Бобби закончил среднюю школу практически уже в десять лет, но так и не получил степени бакалавра гуманитарных или естественных наук, не говоря уж о большем. И все из-за этого огромного мощного компаса у него в голове, который поворачивался то в одну сторону, то в другую в поисках нужного ему полюса.

У него был период, когда он проявлял интерес к физике, и более короткий период интереса к химии… в конце концов Бобби оказался слишком нетерпеливым и по отношению к математике, чтобы остановиться на одной из этих наук. Он знал, что легко справится с ними, но и химия, и физика — как и все точные науки — наскучили ему.

Когда Бобби исполнилось пятнадцать лет, он увлекся археологией. Прочесал вершины Белых гор вокруг нашего летнего коттеджа в Норт-Конуэй, воссоздал историю индейцев, которые жили здесь, на основе наконечников стрел, кремней, даже по структуре древесного угля давно погасших костров в древних пещерах в центральной части Нью-Хэмпшира.

Но прошло и это увлечение, и Бобби занялся историей и антропологией. Когда ему исполнилось шестнадцать, отец и мать с неохотой дали согласие на просьбу Бобби отправиться с экспедицией антропологов из Новой Англии в Южную Америку.

Через пять месяцев он вернулся впервые в жизни загоревшим. Он также подрос на дюйм, похудел на пятнадцать фунтов и стал гораздо сдержаннее. Оставался веселым, но его прежняя детская радость, иногда такая заразительная, иногда утомляющая окружающих, но которую он излучал всегда, теперь пропала. Бобби стал взрослым. И, насколько я припоминаю, впервые заговорил о происходящем в мире… о том, как все плохо. Это был 2003 год, когда группа «Сыновья Джихада», отколовшаяся от ООП (название этой группы почему-то всегда напоминало мне католическую общественную организацию где-нибудь на западе Пенсильвании), взорвала нейтронную бомбу в Лондоне. Радиацией было заражено шестьдесят процентов английской столицы, а ее остальная часть превратилась в исключительно вредное для проживания место, особенно для тех, кто собирался иметь детей или рассчитывал прожить дольше пятидесяти лет. В этом же году мы пытались установить блокаду Филиппин, после того как правительство Седеньо пригласило к себе «небольшую группу» китайских советников (примерно пятнадцать тысяч, по данным наших разведывательных спутников). Мы были вынуждены отступить лишь тогда, когда стало совершенно ясно, что: а) китайцы отнюдь не шутили относительно нанесения ракетно-ядерного удара из своих ракетных шахт, если мы не откажемся от блокады, и б) американский народ не проявлял ни малейшего желания совершить массовое самоубийство из-за каких-то Филиппинских островов. И в этом же году некие обезумевшие ублюдки — албанцы, по-моему, — сделали попытку рассеять с воздуха вирус СПИДа над Берлином.

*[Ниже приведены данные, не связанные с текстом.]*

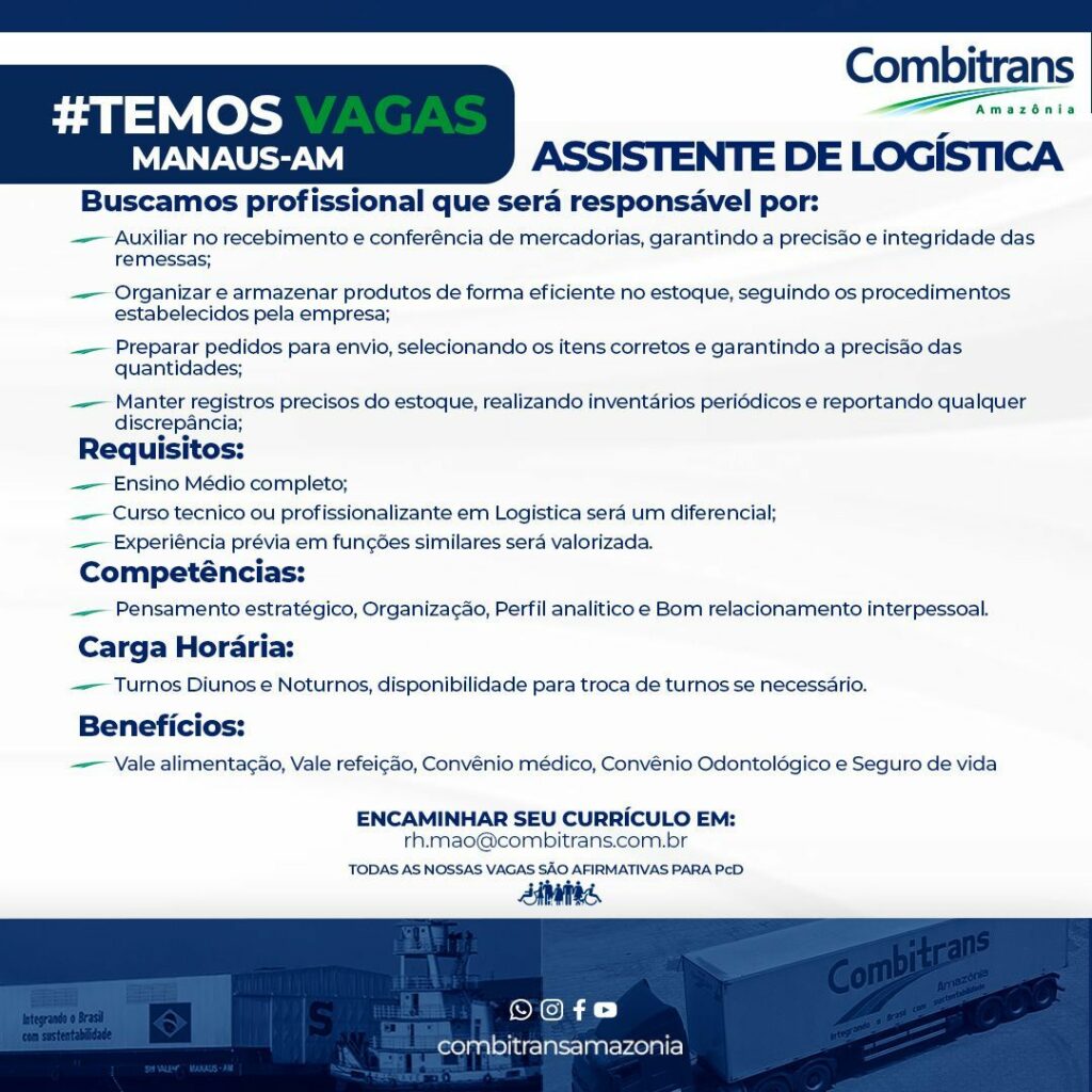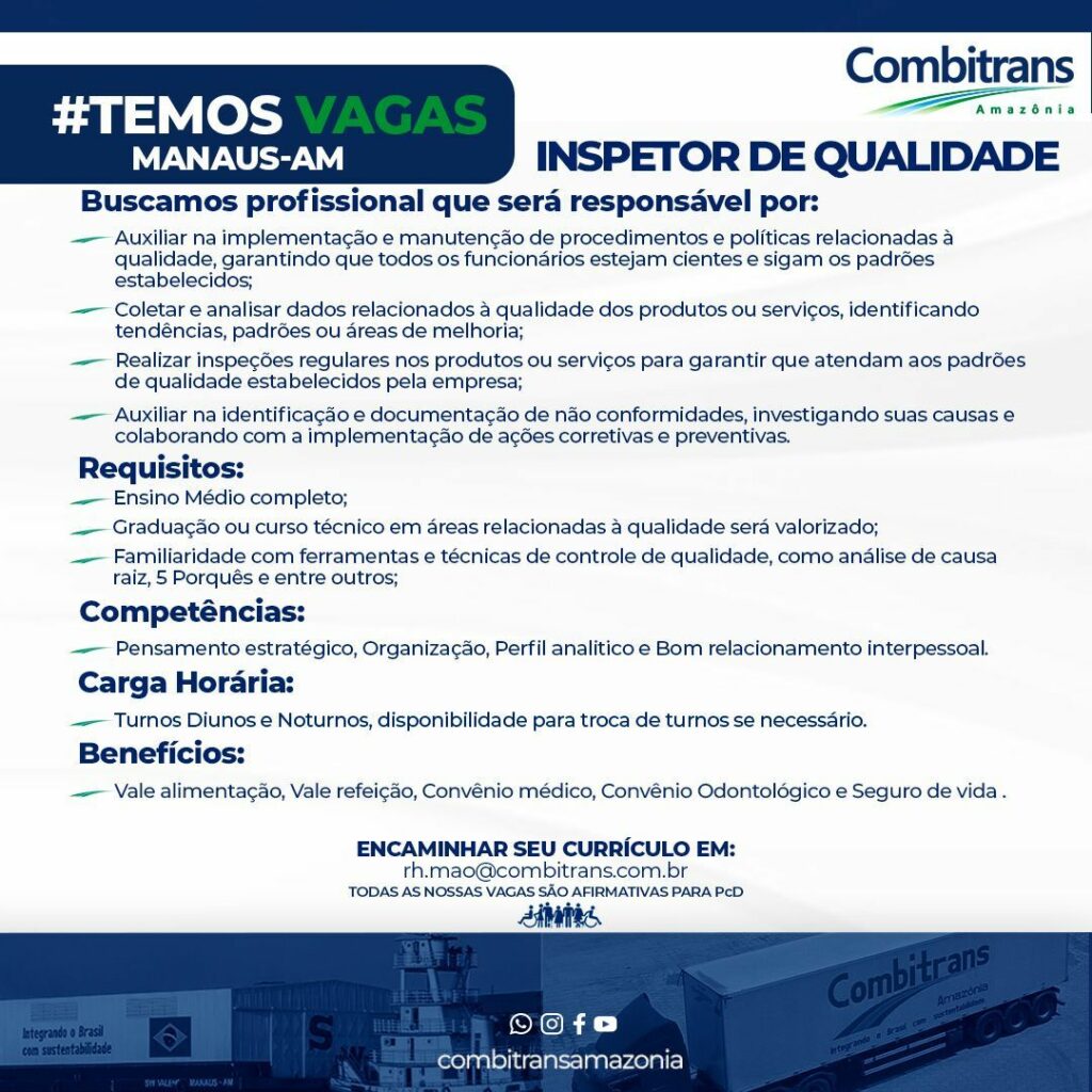 Combitrans está selecionando Assistente de logística, Inspetor de Qualidade; Envie seu currículo!
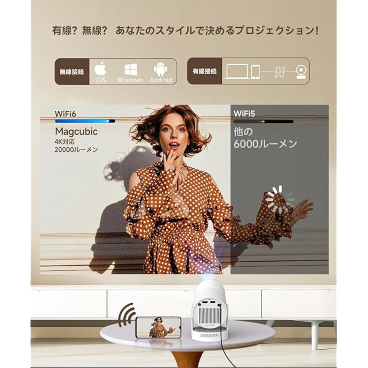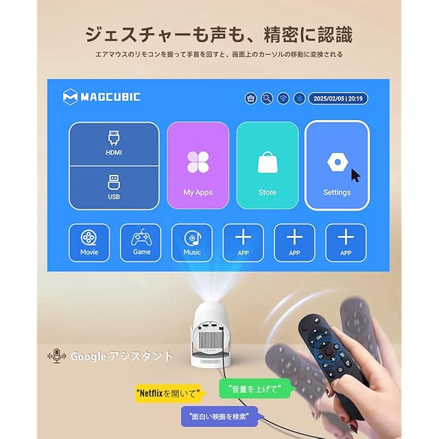 商品名:プロジェクター 家庭用【電動フォーカス・HiFiスピーカー】Magcubic プロジェクター 小型 Android TV搭載 180°回転 天井投影 20000LM ぷろじえくたー 4K対応 Wi-Fi6 Bluetooth5.4 自動台形補正 ズーム機能 短距離投影 一人暮らし ホームプロジェクター スマホ/タブレット/ラップトップ/TV Stick/USBドライブ/PS機など対応(白)
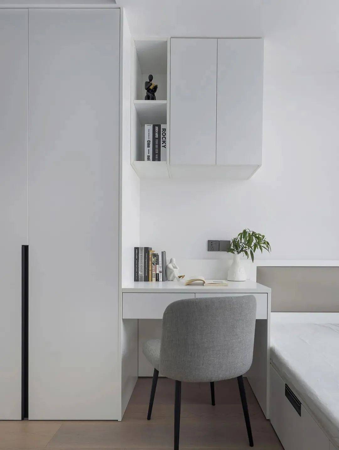 次臥衣柜延伸書桌替代床頭柜,上方增設(shè)一組吊柜滿足儲(chǔ)物需求。一邊安排榻榻米,塑造簡(jiǎn)潔干凈的空間感,簡(jiǎn)約卻十分溫暖。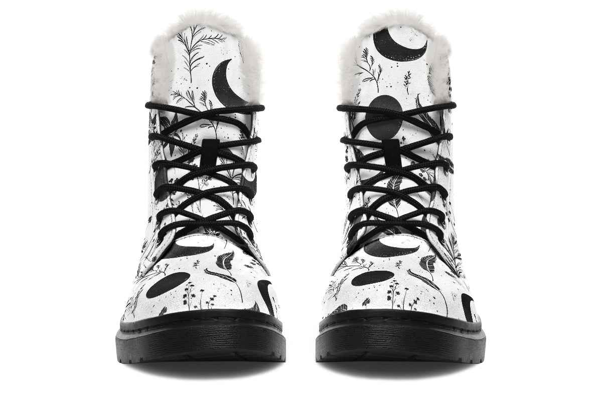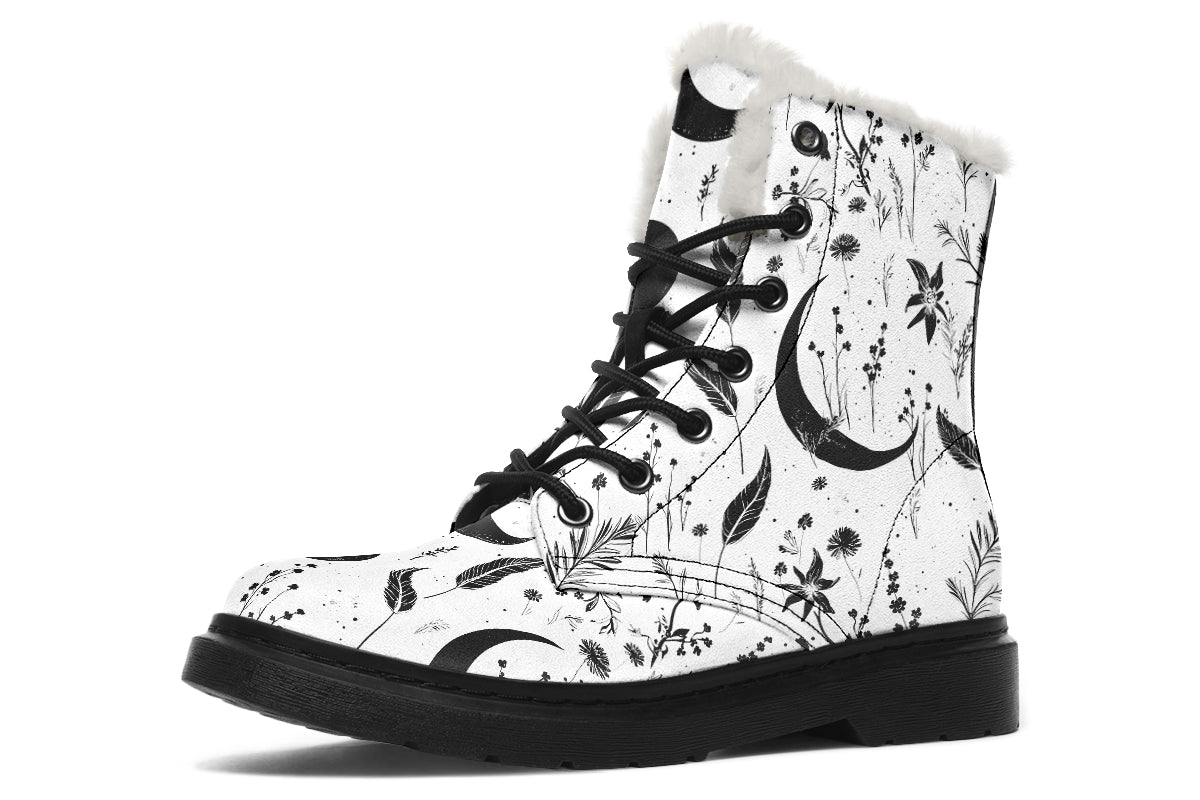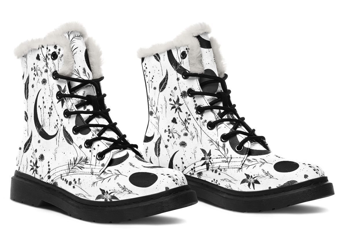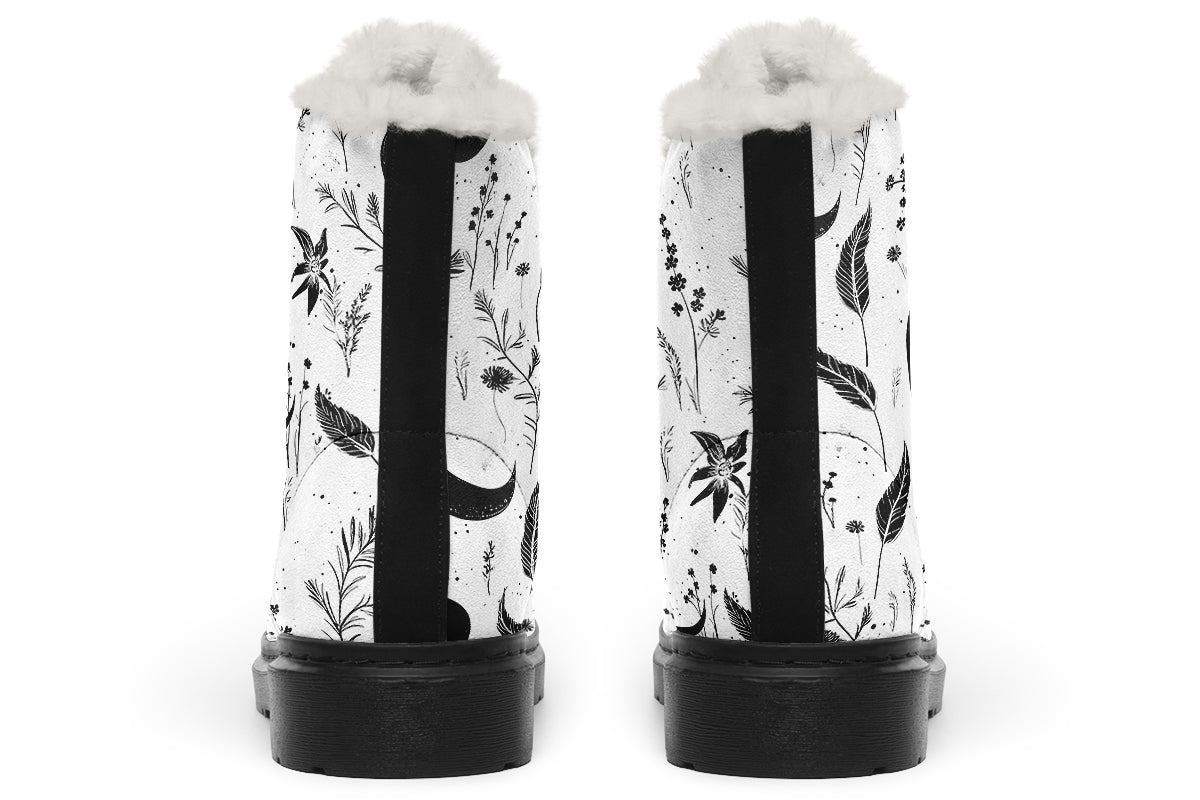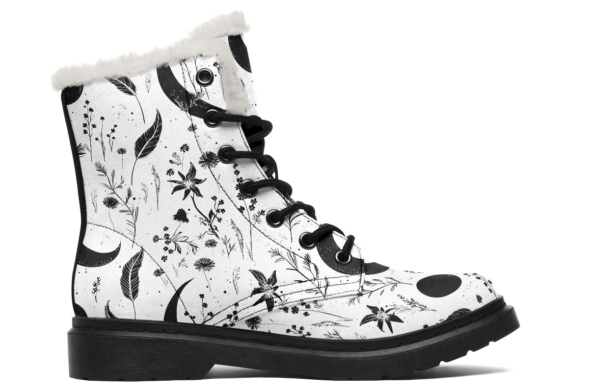 Witch up your winter game with the White Moonlit Botanica Winter Boots—midnight blue moons and magical herbs strewn across a snowy canvas, like a spell gone deliciously rogue.
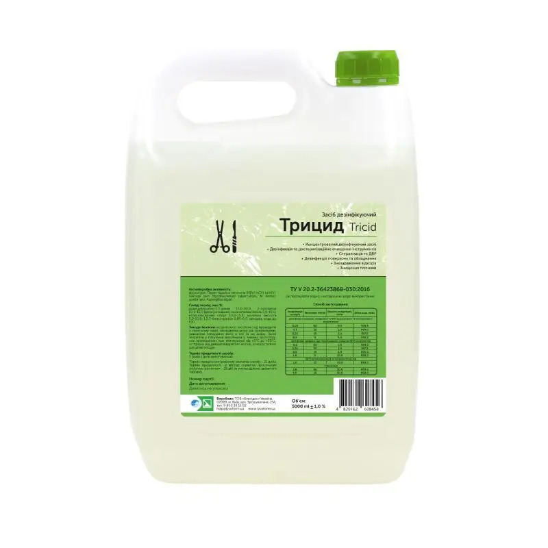 Трицид – засіб для дезінфекції, стерилізації медичних інструментів, 5л. Концентрований засіб на основі третинних амінів.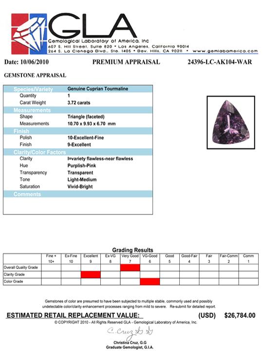 Excellent purple pink color RARE copper-bearing specimen trillion cut: COPPER in tourmaline is rare and highly prized, it makes the stone color much more vivid (sometimes neon-like) and causes the stone to mimick the reflectivity of diamond; lab quality e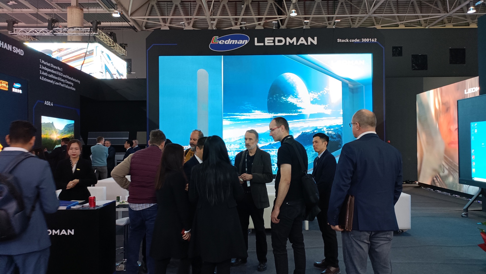 ISE現(xiàn)場(chǎng),324吋雷曼8K Micro LED超高清大屏以超大尺寸震撼亮相,8K超高清的細(xì)膩畫質(zhì)吸引了不少前來(lái)觀展的觀眾。這款產(chǎn)品是雷曼在5G時(shí)代背景下推出的全球首款324吋8K Micro LED超高清顯示屏,采用雷曼自主專利的COB集成封裝技術(shù),機(jī)身纖薄,具備低亮高灰、高可靠、廣色域等卓越產(chǎn)品性能,更能適配5G時(shí)代超高清智慧顯示的需求。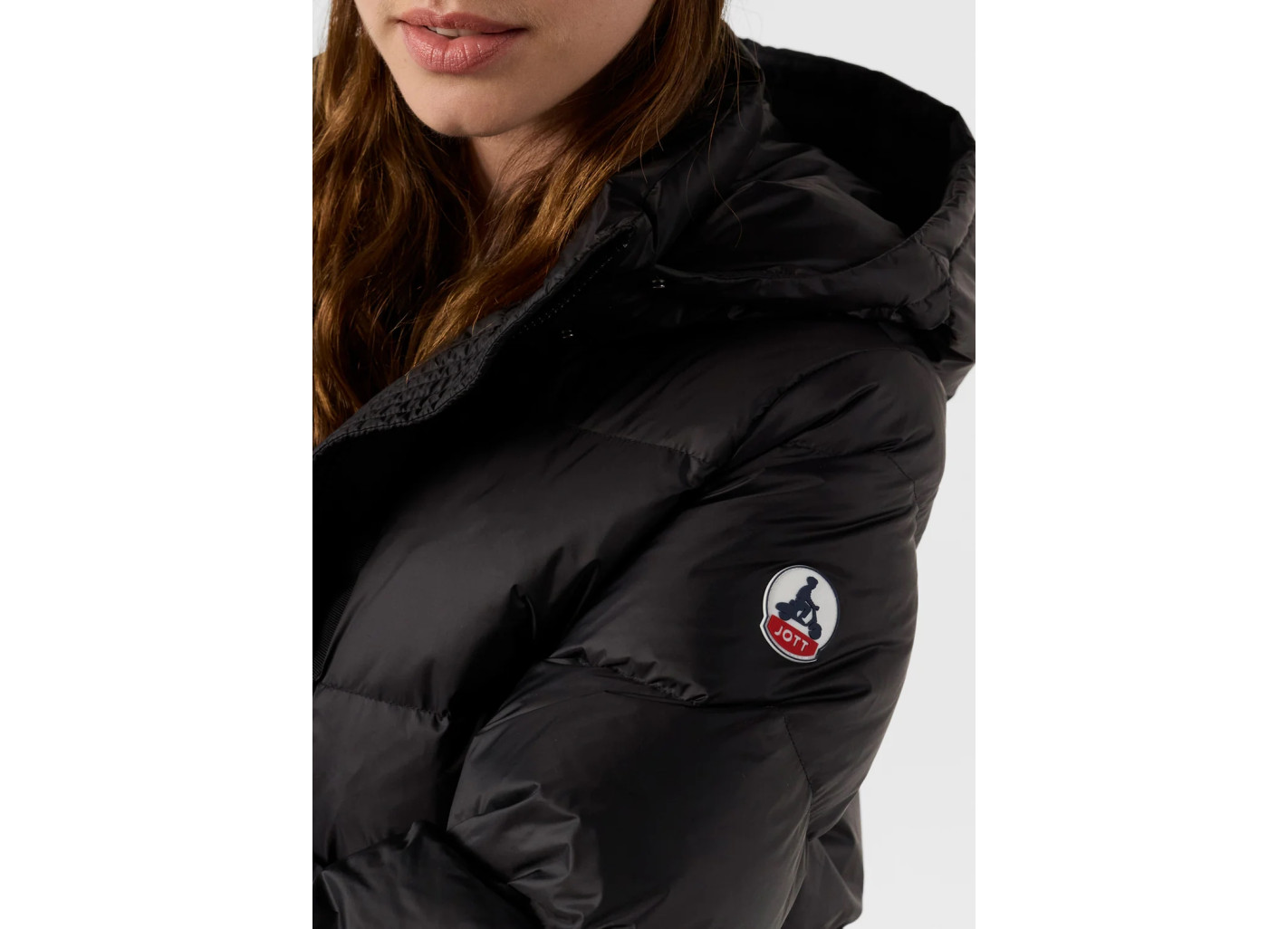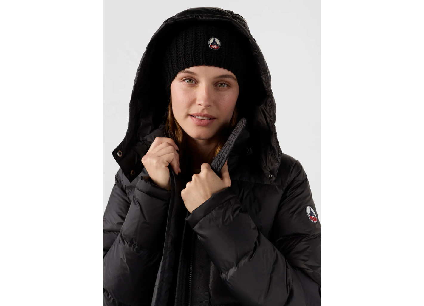 KARACHI est le best-seller extravagant du vestiaire JOTT ! Une doudoune à la ligne originale pour une entrée remarquée dans l’hiver : ultra longue, ultra chaude, dotée de fentes à pressions sur les côtés pour un porter confortable, d’une patte aimantée rabattable d’un geste et d’une large capuche amovible bien couvrante et ajustable au col par pressions. Son matelassage au piquage large accentue encore son allure contemporaine.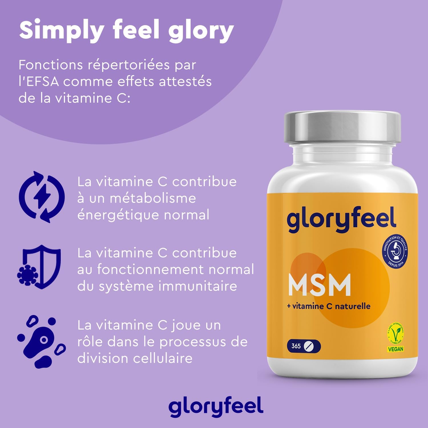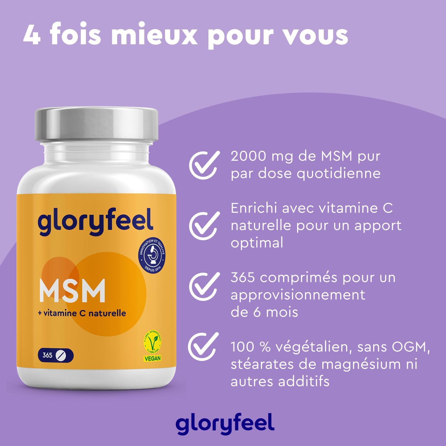 L’abréviation MSM signifie Metyhsulfonylmethane. Il s’agit d’un composé organique du soufre. Le soufre organique est cinq fois plus présent dans ton organisme que le magnésium et est un matériau de construction important pour le collagène et la kératine. Votre corps ne produit pas lui-même de soufre, c’est pourquoi il doit être absorbé via l’alimentation. De plus, dans les articulations, ce que l’on appelle la “synovie” est composée en grande partie de soufre. Nos comprimés sont fortement dosés avec 2.000mg de MSM pur par dose journalière. De plus, nos comprimés sont enrichis en vitamine C naturelle issue de l’acérola. La vitamine C contribue entre autres à un fonctionnement normal du système immunitaire.* Il peut être difficile de couvrir les besoins naturels par l’apport alimentaire, surtout pour les personnes suivant un régime végétalien.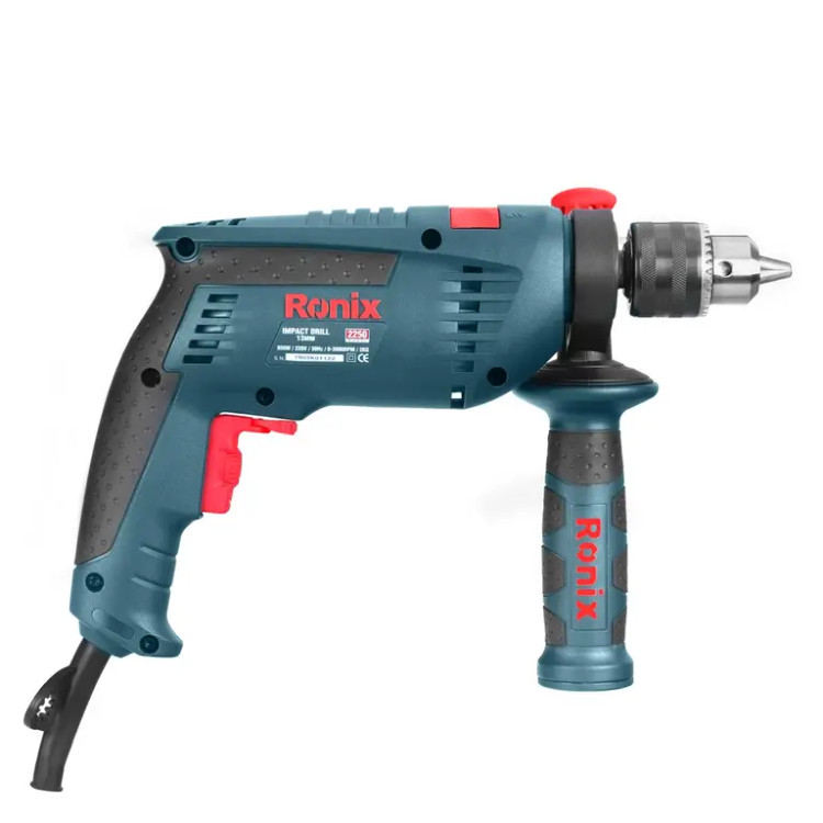 دریل برقی مدل 2250، یکی از قدرتمندترین دریلهای چکشی رونیکس، دارای موتور مقاوم و صنعتی 850 وات، طراحی ارگونومیک و پوشش خوشدست در بدنه بوده و در ساخت آن، دقت و کیفیت فوقالعاده بالایی به کار رفته است. قابلیت استفاده از این محصول در دو حالت سوراخکاری معمولی و چکشی، موتور قدرتمند 850 وات و 3000 دور، نفوذ آسان در مصالح ساختمانی بسیار متراکم چوبی، فلزی و بتنی، از مهمترین ویژگیهای این دریل چکشی منحصربهفرد هستند.

Подобные новости наводили уныние на всех, но Бобби был потрясен больше других.

— Почему люди относятся друг к другу с такой злобой? — спросил он однажды меня.

Мы находились в нашем летнем коттедже в Нью-Хэмпшире. Подходил к концу август, и почти все вещи были упакованы в коробки и чемоданы. Коттедж выглядел печальным и покинутым — так бывает всегда, перед тем как мы разъезжаемся и покидаем семейное гнездо. Я уезжал обратно в Нью-Йорк, а Бобби — в Уэйко, Техас, — представляете себе?.. Он все лето читал материалы по социологии и геологии — разве придумаешь безумнее комбинацию? — и хотел провести там несколько экспериментов. Он задал вопрос небрежным тоном, но я заметил, что мать смотрела на него последние две недели, пока мы были все вместе, каким-то странным внимательным взглядом. Ни папа, ни я еще не заподозрили это, но мне кажется, что мама поняла: стрелка компаса Бобби наконец перестала поворачиваться из стороны в сторону и уперлась в полюс, который он так долго искал.

— Что ты имеешь в виду? — спросил я. — Ты хочешь, чтобы я ответил тебе?

— Кому-то придется ответить, — заметил он. — И очень скоро, судя по тому, как развиваются события.

— Они развиваются так потому, что так развивались всегда, — пожал я плечами, — а люди относятся друг к другу с такой злобой потому, что такими уж созданы. Если ты хочешь винить кого-то, вини Господа Бога!

— Чепуха. Я не верю этому. Даже двойные Х-хромосомы в конце концов оказались чепухой. Только не говори, что всему виной экономические причины, конфликт между богатыми и бедными, потому что это тоже объясняет далеко не все.

— Первородный грех, — ухмыльнулся я. — Мне нравится это объяснение — оно хорошо звучит и под него можно танцевать.

— Ну что ж, — сказал Бобби, — может быть, причина действительно заключается в первородном грехе. Но посредством чего, старший брат? Ты не задавал себе такого вопроса?

— Посредством чего? Не понимаю.

— Мне кажется, все зависит от состава воды, — задумчиво произнес Бобби.

— Состава чего?

— Воды. Что-то содержится в воде.

Он посмотрел на меня.

— Или, может быть, чего-то в ней не хватает.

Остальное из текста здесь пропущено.